For those aged 0–14 years, we approached three specialist children's cancer registries—two regional and one national; for those aged 15–24 years we approached one specialist regional registry for young people and two regional cancer registries; for those aged over 25 years we approached two regional cancer registries (see table 1). Therefore we expected ascertainment in the younger age groups to be better. This was confirmed by the significantly higher percentage of cases known to us that were not notified by NHSCR in the younger age groups (see table4A: 10%, 6% and 4% in the age groups 0–14, 15–24 and over 25 years respectively, p for heterogeneity=0.02). This under-notification by NHSCR was more marked for cases who had not died (NHSCR failed to notify 16%, 10% and 3% of such cases in the respective age groups, p for heterogeneity =0.006).

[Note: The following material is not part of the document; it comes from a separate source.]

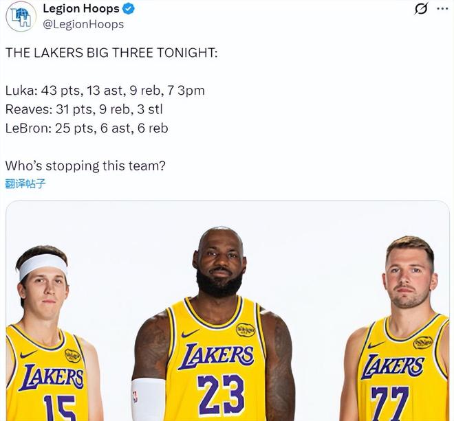 这就是湖人三巨头合体的完美效果,东契奇轰下43分9篮板13助攻,里夫斯得到31分9篮板3助攻3抢断,詹姆斯得到25分6篮板6助攻。三巨头联手贡献99分24篮板22助攻,率领湖人以135比118击败快船,取得五连胜,战绩来到了13胜4负,升回到西部第二,同时从NBA杯西部B组突围,锁定了NBA杯淘汰赛的资格。

After stratifying by age group there was little variation in the level of notification over the time period considered (p=0.83, see table 4B).
There must inevitably be other cancers, not ascertained by us from any source. If ascertainment from NHSCR cancer registrations and the other sources listed in table 1 were independent, the estimated number of such cancers would be 0.0, 1.9 and 4.4, in those aged 0–14, 15–24 and over 25 years at diagnosis, respectively. Adding these estimates of cancers missed by all sources to the numbers of cancers missed by NHSCR but known from other sources (see above) implies that NHSCR missed a total of 10% (95%CI 6%, 15%), 7% (95%CI 4%, 11%) and 5% (95%CI 3%, 8%) of actual cancers in these age groups and 7% (95%CI 5%, 9%) of cancers overall.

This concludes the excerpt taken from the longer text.